Session 1: Convolutional Neural Networks
What you’ll know by the end:
How convolutional filters detect patterns in images
The complete architecture of a CNN
How to train a CNN for multi-class image classification
By the end of this session, you’ll understand how CNNs work fundamentally - from the pixel level to complete architectures. You’ll see how filters learn to detect edges, textures, and patterns, and how these components combine into a powerful image classifier.
The New Challenge
Butterfly house expansion
Classify flowers, insects, and small animals
Need to detect edges, textures, and patterns
Linear layers aren’t enough
The botanical garden app is working great, but now the butterfly house next door wants in. They want to expand the app so visitors can classify insects and small animals too.

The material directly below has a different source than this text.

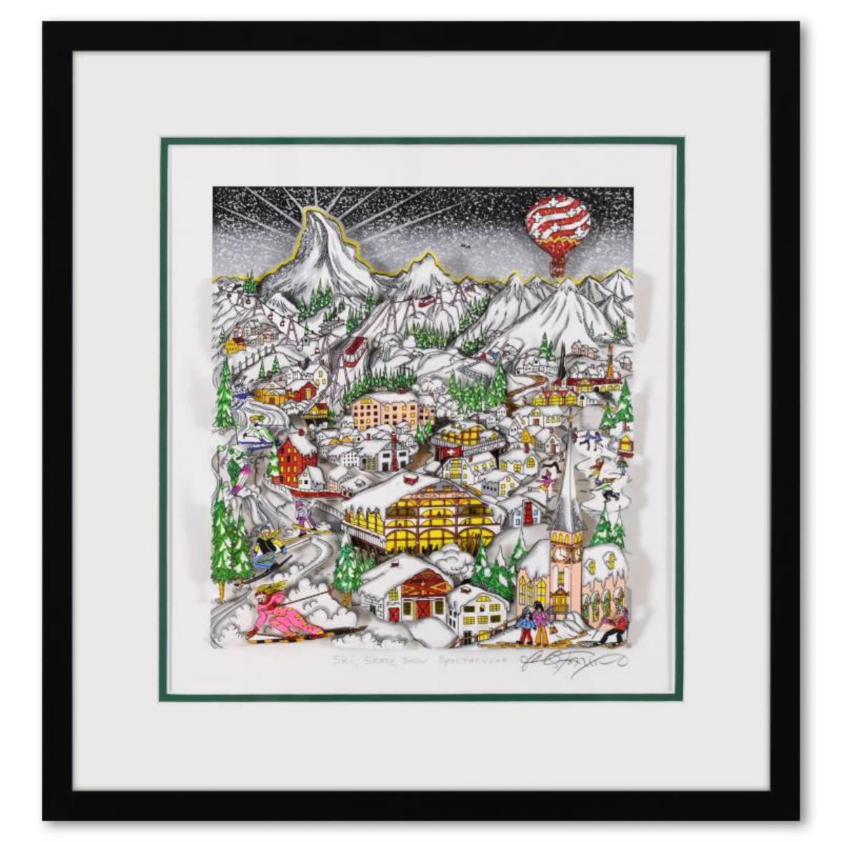 "Ski, Skate, Snow...Spectacular (Green)" is a 3D limited edition silk screen construct on paper by Charles Fazzino, numbered and hand signed by the artist. This piece comes custom framed. Includes Certificate of Authenticity. Measures approximately 17.5" x 19" (framed), 11" x 13" (image). Reference #: 255654

This is a bigger challenge - you need something that can recognize more advanced visual features.
The problem with linear layers: they treat every pixel as independent. When your model looks at a flower or butterfly image, it sees thousands of separate numbers with no understanding that neighboring pixels can form features like wings, antennae, or eye spots.

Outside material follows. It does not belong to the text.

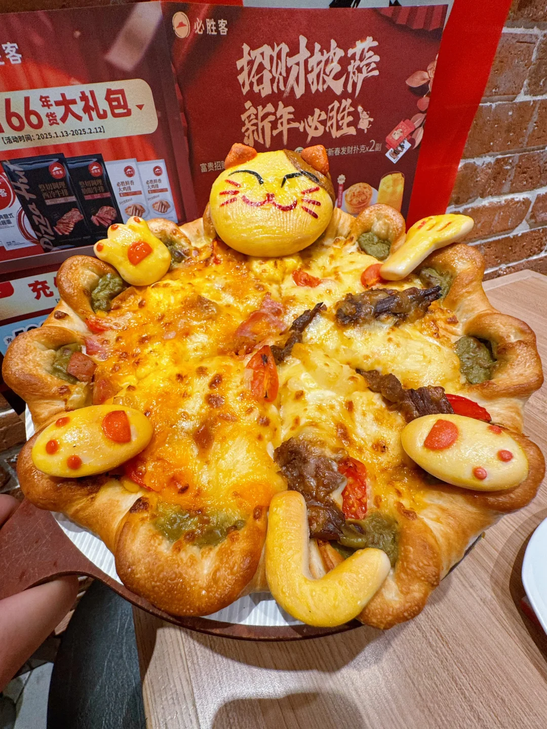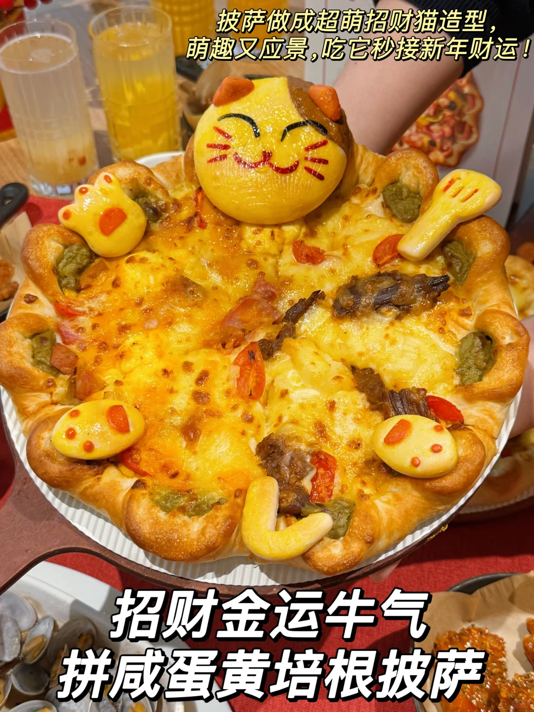 披萨做成超萌招财猫造型,萌趣又应景,吃它秒接新年财运 。

Why Linear Layers Fall Short
Every pixel is independent
No spatial understanding
Can’t recognize patterns formed by neighboring pixels
Wings, antennae, eye spots are invisible
Think about how you identify a butterfly. You don’t analyze every pixel. You notice wing shapes, vein patterns, those distinctive orange and black sections. Your brain uses these features to recognize that’s a monarch.
Linear layers can’t do this. They see pixels as isolated numbers. That’s where convolutional neural networks come in.
Convolutional Neural Networks
Inspired by biology
1960s: Visual cortex neurons respond to specific patterns
CNNs mimic this with learnable filters
Filters scan images to extract features
CNNs are the backbone of computer vision, and they’re inspired by biology. In the 1960s, neuroscientists found that certain neurons in the visual cortex respond only when they see particular patterns. CNNs mimic this by using filters to sort out features in images and learn from those.
How Filters Work
Source: https://dennybritz.com/posts/wildml/understanding-convolutional-neural-networks-for-nlp/
A 3×3 grid of numbers
Slide over the image
Multiply filter values with pixel values
Sum the results
This is convolution
See: Convolution Arithmetic for more details.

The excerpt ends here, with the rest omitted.